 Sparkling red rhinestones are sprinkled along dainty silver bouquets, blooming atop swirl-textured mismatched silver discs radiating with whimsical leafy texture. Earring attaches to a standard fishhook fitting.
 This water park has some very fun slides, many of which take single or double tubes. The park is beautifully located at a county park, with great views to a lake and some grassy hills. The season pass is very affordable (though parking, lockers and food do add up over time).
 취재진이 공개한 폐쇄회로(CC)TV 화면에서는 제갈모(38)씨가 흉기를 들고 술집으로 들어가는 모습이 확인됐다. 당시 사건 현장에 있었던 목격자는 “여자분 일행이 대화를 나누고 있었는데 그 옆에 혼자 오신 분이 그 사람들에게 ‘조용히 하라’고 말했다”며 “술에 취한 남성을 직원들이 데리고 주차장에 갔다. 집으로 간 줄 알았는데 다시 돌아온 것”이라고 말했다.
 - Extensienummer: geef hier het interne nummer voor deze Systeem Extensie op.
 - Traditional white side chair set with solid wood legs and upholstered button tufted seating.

---

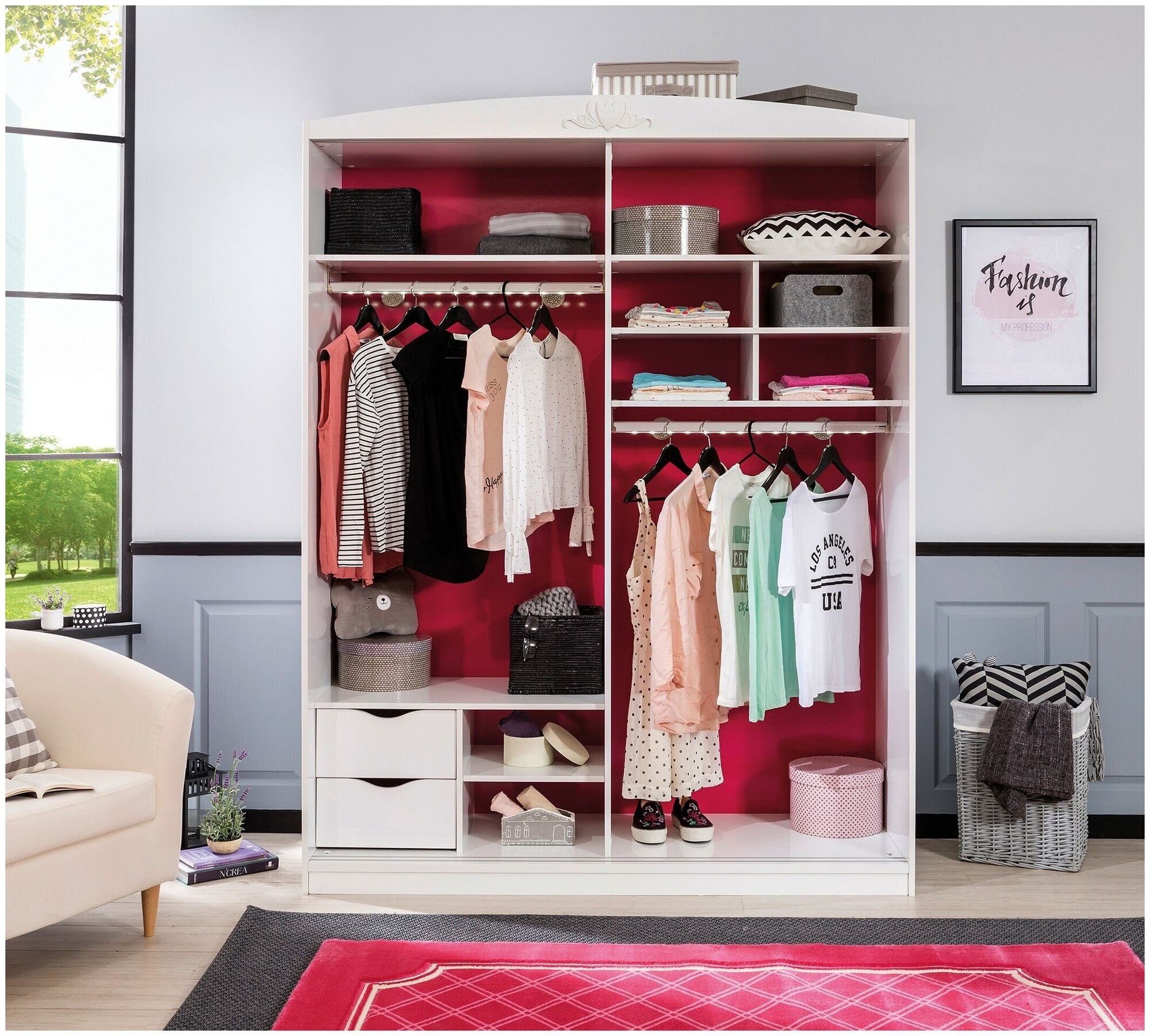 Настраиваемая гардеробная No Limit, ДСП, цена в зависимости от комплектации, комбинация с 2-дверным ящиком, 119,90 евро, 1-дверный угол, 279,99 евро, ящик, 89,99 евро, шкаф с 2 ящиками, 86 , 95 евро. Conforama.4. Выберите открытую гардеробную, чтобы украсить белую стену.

--

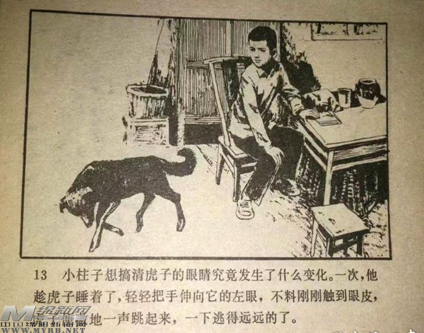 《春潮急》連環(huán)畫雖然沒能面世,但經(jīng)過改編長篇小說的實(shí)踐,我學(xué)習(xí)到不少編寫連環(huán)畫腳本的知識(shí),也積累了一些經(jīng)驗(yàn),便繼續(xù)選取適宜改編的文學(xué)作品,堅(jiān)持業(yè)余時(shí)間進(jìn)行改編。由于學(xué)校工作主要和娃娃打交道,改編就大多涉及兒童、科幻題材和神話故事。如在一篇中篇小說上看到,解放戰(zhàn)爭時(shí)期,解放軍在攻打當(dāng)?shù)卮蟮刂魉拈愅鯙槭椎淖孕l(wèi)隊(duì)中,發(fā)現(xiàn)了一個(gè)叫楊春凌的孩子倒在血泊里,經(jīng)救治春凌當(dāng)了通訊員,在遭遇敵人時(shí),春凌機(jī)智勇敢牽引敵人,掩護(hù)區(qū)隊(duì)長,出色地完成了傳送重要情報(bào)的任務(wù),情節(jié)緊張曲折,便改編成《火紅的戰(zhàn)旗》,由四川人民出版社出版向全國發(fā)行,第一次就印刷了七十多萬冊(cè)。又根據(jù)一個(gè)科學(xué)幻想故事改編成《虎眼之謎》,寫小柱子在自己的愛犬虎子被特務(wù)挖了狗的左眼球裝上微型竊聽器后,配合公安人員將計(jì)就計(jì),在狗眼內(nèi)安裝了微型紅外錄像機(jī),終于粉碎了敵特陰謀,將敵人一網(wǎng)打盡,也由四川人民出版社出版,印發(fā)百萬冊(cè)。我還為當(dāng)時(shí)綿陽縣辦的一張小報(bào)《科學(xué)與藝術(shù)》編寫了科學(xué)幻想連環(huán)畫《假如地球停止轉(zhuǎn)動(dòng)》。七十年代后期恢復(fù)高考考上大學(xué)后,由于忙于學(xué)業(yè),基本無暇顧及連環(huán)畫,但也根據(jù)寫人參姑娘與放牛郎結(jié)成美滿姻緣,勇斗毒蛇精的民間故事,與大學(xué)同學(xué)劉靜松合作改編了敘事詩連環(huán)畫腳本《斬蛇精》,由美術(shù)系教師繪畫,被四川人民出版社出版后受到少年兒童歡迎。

● **WORK REQUIRED**
From the records above, transcribe without alteration every line from the one with "- Extensienummer: geef" to the one with "- Traditional white", inclusive.

● **OUTPUT FOR THIS TASK**
 - Extensienummer: geef hier het interne nummer voor deze Systeem Extensie op.
 - Traditional white side chair set with solid wood legs and upholstered button tufted seating.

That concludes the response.